I am new to the plm package, but I need to do a system gmm on a dataset for my bachelor thesis in economics. I am trying to regress the GDP on the amount of railways stations built. This includes of course a lagged GDP variable and other controls, such as the human capital etc.
I use the pgmm function in the plm-package, however, I always get the following error message:
Error in solve.default(crossprod(WX, t.CP.WX.A1)) :
Lapack routine dgesv: system is exactly singular: U[1,1] = 0
I understand that this can occur if there is a high correlation between some variables, but I am quite sure that this is not the case.

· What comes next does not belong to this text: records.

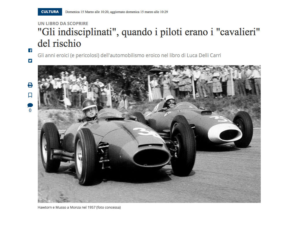 Proprio perché così avventuroso e rischioso quell’automobilismo oggi può essere raccontato come un vero e proprio romanzo. Lo dimostra il giornalista Luca Delli Carri nel suo Gli indisciplinati (Fucina, 2019, pp. 560), in cui vengono rievocate le vicende dei cinque giovani piloti che corsero per la Ferrari tra il 1956 e il 1959: Eugenio Castellotti, Alfonso Portago, Luigi Musso, Peter Collins, Mike Hawthorn. Erano tutti campioni e tutti avevano un sogno: vincere. Erano spavaldi, incoscienti e snobbavano la paura. Erano idolatrati dai tifosi e accompagnati da donne bellissime: attrici, star dello spettacolo e della nascente televisione. Nel giro di tre anni bruciarono la loro vita spingendo i loro limiti sempre più all’estremo e perdendo la vita alla guida di un’auto da corsa. Ma perché definirli “indisciplinati”? Lo chiediamo all’autore del libro, Luca Delli Carri: “Erano indisciplinati perché erano molto lontani dal prototipo di pilota superprofessionista che c’è oggi. Ne combinavano di tutti i colori con le loro automobili. Se non gli andava di correre rompevano apposta la macchina oppure si giocavano i premi delle gare che non avevano ancora disputato a carte così che poi dovevano spingere oltre il limite per avere i soldi per pagare i debiti. Insomma, erano degli scapestrati che però accendevano la passione come oggi non accade più. Soprattutto erano ragazzi molto ambiziosi. Correvano con il sogno di rimpiazzare il più grande campione dell’epoca, l’argentino Juan Manuel Fangio, plurivincitore di titoli mondiali, nel cuore della gente e soprattutto in quello di Enzo Ferrari. E per quel sogno erano disposti a correre ogni rischio”.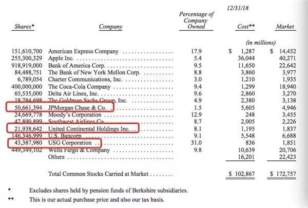 2018年底的巴菲特持仓一览表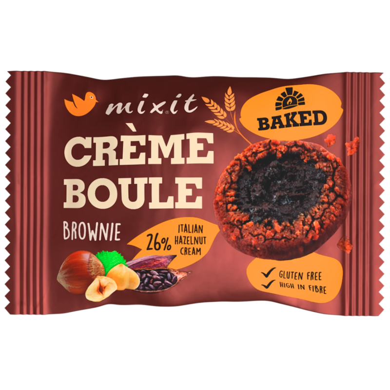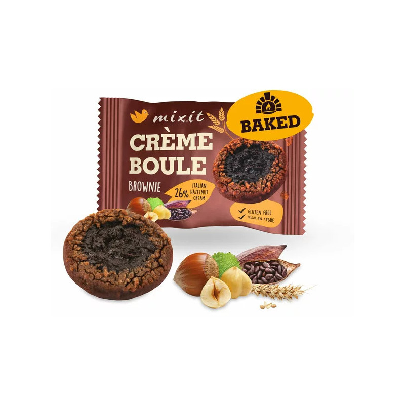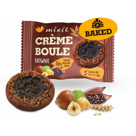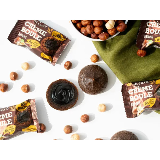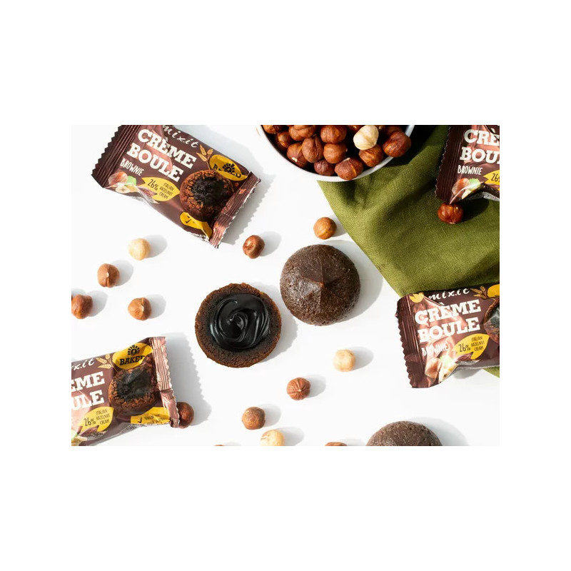 Pečená Crème boule? Ano a rozhodně vás nechceme vypéct. Jen jsme vám upekli novou dobrotu! Seznamte se s naší první pečenou Crème boulí, která chutná jako oblíbený čokoládový dezert a rozplývá se na jazyku. Vláčné bezlepkové těsto z kešu ořechů a lískooříškového krému skrývá jemnou a lahodnou náplň z těch nejlepších lískových oříšků na světe z italského regionu Piemont. Výsledkem je jednoporcové brownie, které můžete mít vždy při sobě. Crème boule voní po čokoládě a oříšcích a jedno je jisté - u jedné nezůstanete.bez palmového oleje a lepku26 % tvoří lískooříškový krém vysoký obsah vlákniny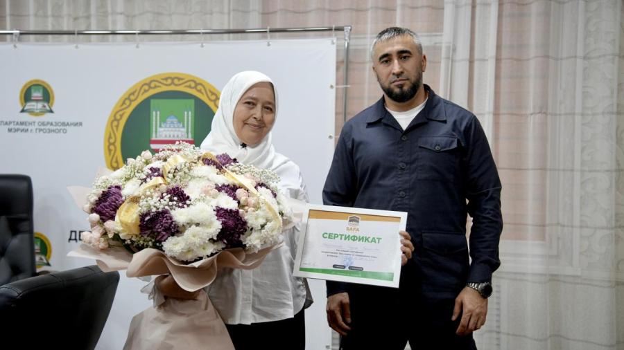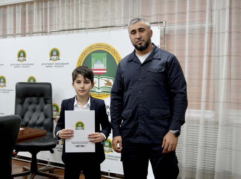 В Департаменте образования мэрии Грозного состоялась встреча заместителя директора Зелимхана Ахматова с Мадиной Башаевной, её учеником и родителями Халида. От имени мэра города и фонда учительнице был вручен сертификат на совершение Умры.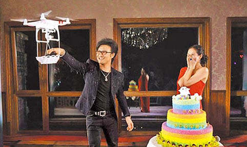 然而,大疆在中国的知名度,是直到2015年才全面爆发,当年歌手汪峰向女星章子怡求婚时,用Phantom 2 Vision Plus载著1颗9.15克拉的钻戒,从天而降到章子怡面前,让“大疆”名号一炮而红,也成为空拍机产业爆发的1年。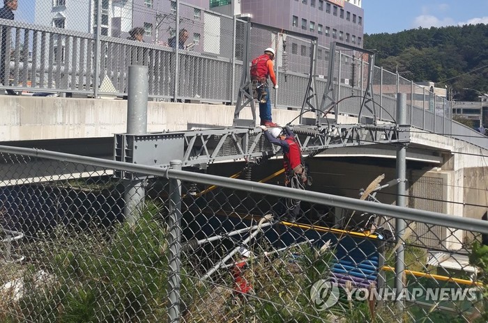 태풍에 날아간 철판에 동해선 전차선 끊어져...운행중단후 '재개'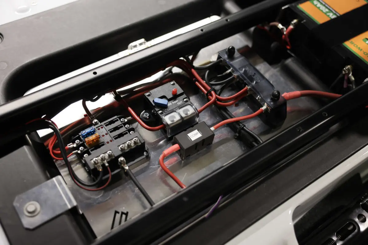 - Crafted from high-quality aluminum, the electrical tray serves as a secure mounting platform for essential components such as bus bars, fuse blocks, mega fuses, and more. This robust tray is designed to withstand the rigors of off-road adventures, providing a stable foundation for your power distribution setup.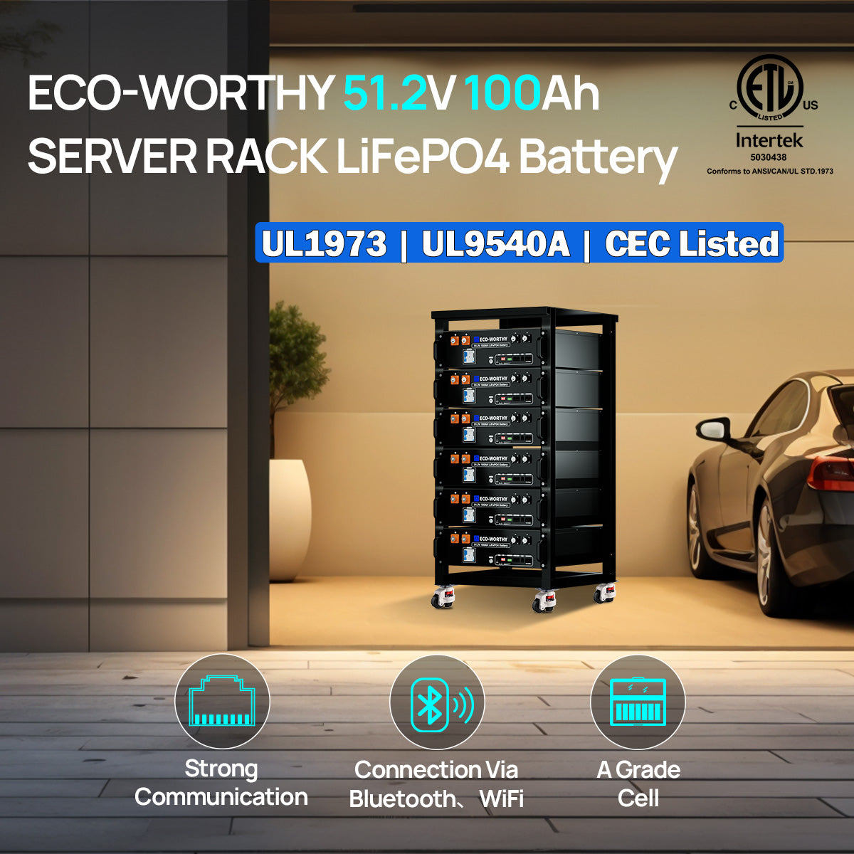 ECO-WORTHY 48V 100Ah Server Rack Battery | 5.12kWh V3 Lithium Battery | UL1973 | UL9540A | CEC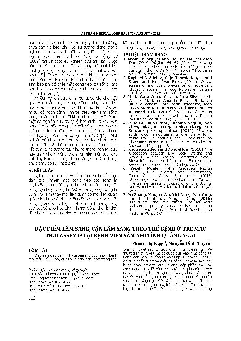 Đặc điểm lâm sàng, cận lâm sàng theo thể bệnh ở trẻ mắc thalassemiatại Bệnh viện Sản-Nhi tỉnh Quảng Ngãi = Clinical and subclinical characteristics in children with thalassemia at Quang ngai hospital for women and children
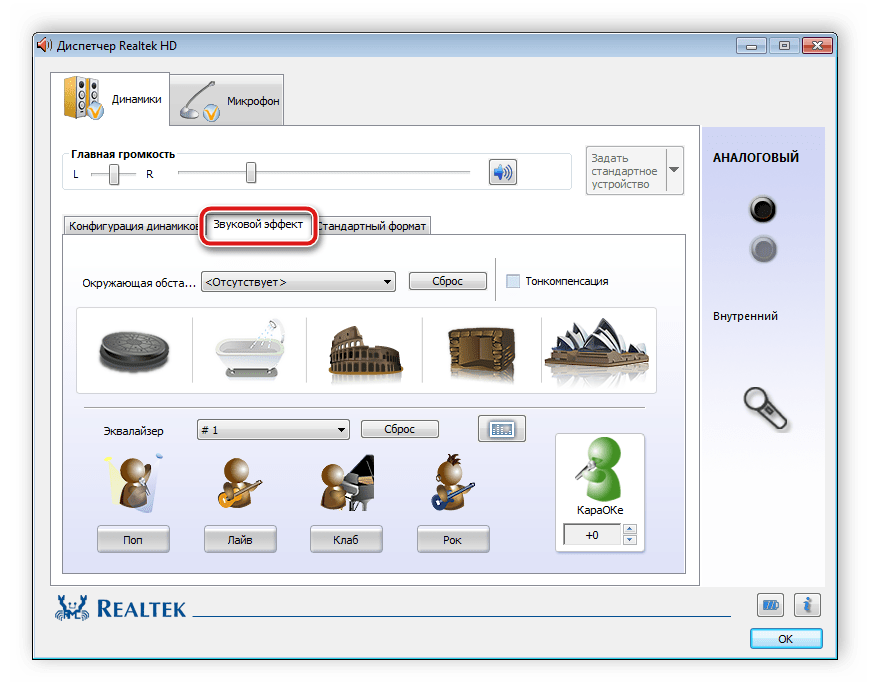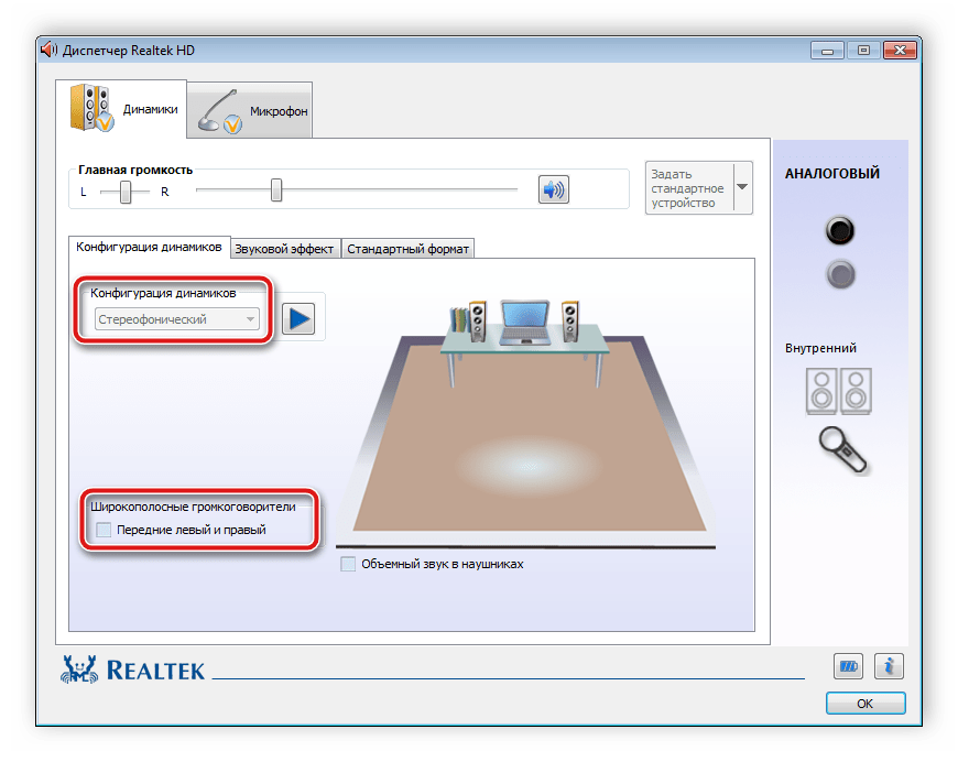 Большинство встроенных звуковых карт используют стандарт HD Audio. Самым распространенным пакетом программного обеспечения на данный момент является Realtek HD Audio. С помощью этого софта осуществляется настройка воспроизведения и записи. А выполнить это вручную можно так:

This is the code I tried and a sample from the panel data:
gmm_estimator <- pgmm(log(GDP) ~ lag(log(GDP), 1:2) + lag(Stations, 0:1) + lag(Humancapital, 0:2)
| lag(log(GDP), 2:5),
data = Bachelor_DF,
effect = "twoways",
model="twosteps")
id year GDP Stations Humancapital
GDP_1860 101 1870 370.5480 5 NA
GDP_1870 101 1880 430.2257 0 0.40458015
GDP_1880 101 1890 512.6674 0 0.31274131
GDP_1900 101 1900 657.8438 0 0.36095965
GDP_1910 101 1910 887.6366 0 0.48163265
GDP_1860.1 102 1870 383.6571 3 NA
GDP_1870.1 102 1880 431.9505 2 0.53590734
GDP_1880.1 102 1890 479.9470 0 0.30722892
GDP_1900.1 102 1900 659.2220 2 0.42857143
GDP_1910.1 102 1910 743.7952 0 0.49295775
GDP_1860.2 103 1870 327.8067 1 NA
GDP_1870.2 103 1880 411.4266 5 0.34935065
GDP_1880.2 103 1890 491.3625 0 0.23244552
GDP_1900.2 103 1900 727.0378 3 0.42086835
GDP_1910.2 103 1910 879.2722 1 0.44058745
GDP_1860.3 104 1870 364.6654 3 NA
GDP_1870.3 104 1880 456.8578 4 0.40669241
GDP_1880.3 104 1890 535.1647 0 0.23443223
GDP_1900.3 104 1900 767.6347 2 0.25925926
GDP_1910.3 104 1910 918.7938 0 0.41682975
GDP_1860.4 105 1870 358.7054 1 NA
GDP_1870.4 105 1880 461.3142 6 0.31396588
GDP_1880.4 105 1890 551.4780 2 0.28403361
GDP_1900.4 105 1900 764.8562 0 0.33770492
GDP_1910.4 105 1910 1081.6443 3 0.45477599
GDP_1860.5 106 1870 433.6760 0 NA
GDP_1870.5 106 1880 500.1974 3 0.40723982
GDP_1880.5 106 1890 582.9612 0 0.32718894
GDP_1900.5 106 1900 827.3129 2 0.38211788
GDP_1910.5 106 1910 1132.2033 0 0.51446945
GDP_1860.6 107 1870 439.5436 0 NA
GDP_1870.6 107 1880 520.0694 0 0.53041695
GDP_1880.6 107 1890 581.3917 0 0.37232143
GDP_1900.6 107 1900 767.7895 5 0.45877551
GDP_1910.6 107 1910 929.2661 0 0.57142857
GDP_1860.7 108 1870 391.5621 0 NA
GDP_1870.7 108 1880 446.5804 7 0.37020906
GDP_1880.7 108 1890 572.8922 0 0.29817833
GDP_1900.7 108 1900 771.3239 0 0.42473634
GDP_1910.7 108 1910 1065.9663 0 0.46185065
GDP_1860.8 109 1870 390.2888 3 NA
GDP_1870.8 109 1880 461.9698 0 0.44285714
GDP_1880.8 109 1890 567.3165 0 0.33956044
GDP_1900.8 109 1900 782.6338 0 0.39285714
GDP_1910.8 109 1910 944.6441 0 0.52597403
GDP_1860.9 110 1870 394.4520 3 NA
GDP_1870.9 110 1880 454.7100 8 0.51518560
GDP_1880.9 110 1890 638.3998 0 0.38557994
GDP_1900.9 110 1900 874.0908 0 0.42964286
GDP_1910.9 110 1910 1209.1216 4 0.54148282
I also experimented with using different lags as the instrument variable (unfortunately, I only have 5 different time periods for the GDP, so the time frame is quite limited in itself...).
Furthermore, I tried to change the effect to "individual", but the error persists.